Teaching Your Computer To Read With Machine Learning

Jupyter Notebook and prototype can be found in the project repository on GitHub.

The Problem

In today’s instant gratification paradigm product documentation is getting replaced with YouTube videos and support calls. The willingness to understand is becoming a lost art. Technical products that require lengthy documentation are struggling to educate their customers. This results in frustration on both ends. I propose that we can supplement this documentation with a well-trained chatbot interface which would increase customer understanding by getting directly to the information they are looking for in a conversational way. Getting a chatbot to find documentation is simple enough, getting it to generalize well on new data is a challenge worth researching.

I envision scanning a document using my smartphone, asking its digital assistant questions about the document, and having it reply as an expert on the subject. This requires an enormous amount of computational power and the clever use of natural language processing. To start our experiment, let’s first limit the success criteria to reading in Wikipedia articles and telling us if the article supports a true or false statement provided by us, the user.

There are several parts to this chatbot. First, it’s going to have to be trained on natural language, then read in a document, and last the user’s input. Now work backwards using the chatbot’s understanding of language to search the read in document for similarities to the user input. If it finds the user input is similar enough to parts of the article, it will return true. For testing purposes, we need an article that contains information that is not too subjective so that there is little debate if the user’s input actually is true or false.

The Rules of Chess

I have chosen to use the “Rules of Chess” Wikipedia article for this purpose. Once the article is read in and processed, we can investigate how the chatbot will gain meaning from it. Once all the stop words are removed, we can begin processing. The task of processing an article involves something called tokenization. Tokenization cuts up the article into pieces called tokens. The relationship of these tokens can be measured by various algorithms.
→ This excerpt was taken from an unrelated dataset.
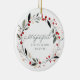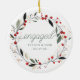 Modern First Christmas Engaged Mistletoe Wreath Ceramic Ornament
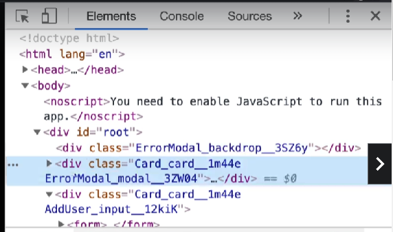 개발자도구로 확인해보면 div로 감쌌을때와 다르게 렌더링 되지 않는걸 확인 할 수 있다.

Word tokens as a word cloud generated from Wikipedia’s “Rules of Chess” article and processed for NLP.

Developing our Model

One such algorithm is the ngrams algorithm. This counts how many times a token appears in an article. Based on the word cloud, if we give the ngrams algorithm the word “move” it will be sure to return an integer symbolizing how many times that word appears. Now tokens don’t have to be a single word, they can also be two words, three words, up to “n” words. My thought was we could assign weights to tokens with more words in them because they tend to happen less often and represent a relevant statement. This algorithm works well for a basic search engine, but what about finding meaning in the words? That is where Gensim’s Word2Vec model comes in. Word2Vec calculates a word vector based on the other words that appear around them. This is the part of our strategy that requires a lot of data and power.
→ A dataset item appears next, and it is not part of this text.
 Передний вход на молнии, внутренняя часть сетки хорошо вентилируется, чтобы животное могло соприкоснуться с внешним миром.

Instead of training the model from scratch, we will use a pre-trained model from Google. This model was trained on over 100 billion words and likely will give us better results. Unfortunately, there is not the same option for the looping ngrams model. Once the model is equipped with data, we need to find the right parameters. To avoid burning up my notebook, we are going to use a random search on Google’s Cloud Console to run a compute engine virtual machine. Even with cannibalizing training data for a faster performance, it took nearly 17 hours to test 100 iterations of random parameters. The results of the random search are listed below with an accuracy score just barely touching 80%.

gateweight_modwindowepochsvector_scopevector_weight
31.743273294926081391214.1647849325647
Top model parameters as per accuracy on a fullx100 random search.

The gate is the parameter that decides if the user input is true or false. After several tests I found a gate parameter of 20 tends to have better results. This likely is an effect of the over-fitting going on due to the lack of computational resources and data cannibalization. Nevertheless, I used a gate value of 20 in the prototype.

The testing data was designed in 3 sections. One piece was made of the same read in “Rules of Chess” article as sentence tokens, these inputs should all be predicted as true. The next was a random article from Wikipedia and is expected to be predicted as false. Last was a handwritten section of queries labelled true or false accordingly. We must also understand that true or false is in relation to article relevancy and is not providing absolute meaning. For example, we can ask the chatbot to check if the earth is round, but if we read in the article about chess it should return false. Below is the transcript from that interaction with the prototype.

-> Hello!
-> I am the prototype chatbot interface for Wikipedia documents.
-> What topic would you like to discuss?

<- Rules of Chess

-> Please allow me a moment to train on rules of chess.
-> Okay I've got it, tell me a fact and I'll tell you if the article I read supports your fact.

<- The earth is round

-> That is false.

However, if we continue the conversation to query information about the rules of chess, we will be provided with expected results.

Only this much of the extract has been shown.